Vous vous êtes engagé à la salle de sport. Vous avez couru. Vous avez transpiré quatre ou cinq jours par semaine. Et lorsque vous montez sur la balance, le chiffre a augmenté. Pas diminué. Augmenté. Si c'est votre expérience, sachez que vous n'êtes pas seul, que vous n'êtes pas paresseux et que vous ne faites pas quelque chose de fondamentalement erroné avec votre corps. Mais il existe un fossé entre ce que l'exercice fait réellement pour la perte de poids et ce que la plupart des gens croient — et c'est dans ce fossé que réside la frustration.
La science à ce sujet est étonnamment claire : l'exercice seul est un outil remarquablement inefficace pour créer un déficit calorique.
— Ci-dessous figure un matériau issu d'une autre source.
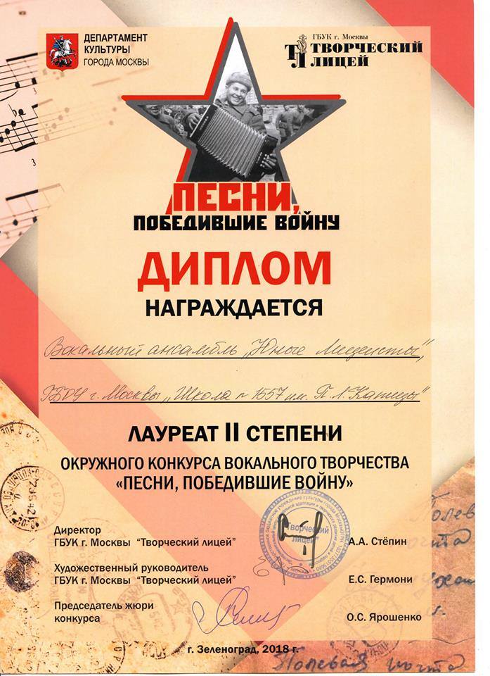 Вокальный коллектив нашей школы - лауреат окружного конкурса! 18.12.2018

Cela ne signifie pas que l'exercice est inutile. Cela signifie qu'en l'absence d'un suivi alimentaire précis en parallèle de vos entraînements, vous mangez presque certainement plus que vous ne le pensez. Passons en revue exactement pourquoi cela se produit et ce que vous pouvez faire.
Pourquoi l'exercice seul crée rarement un déficit calorique significatif
Voici une vérité qui dérange. Un jogging de 30 minutes à un rythme modéré brûle environ 250 à 350 calories pour la plupart des gens. Cela semble être une avancée jusqu'à ce que vous réalisiez à quel point il est facile de consommer 350 calories : une seule barre de céréales et une boisson sportive. Ou la moitié d'un toast à l'avocat. Ou un muffin aux myrtilles de taille moyenne.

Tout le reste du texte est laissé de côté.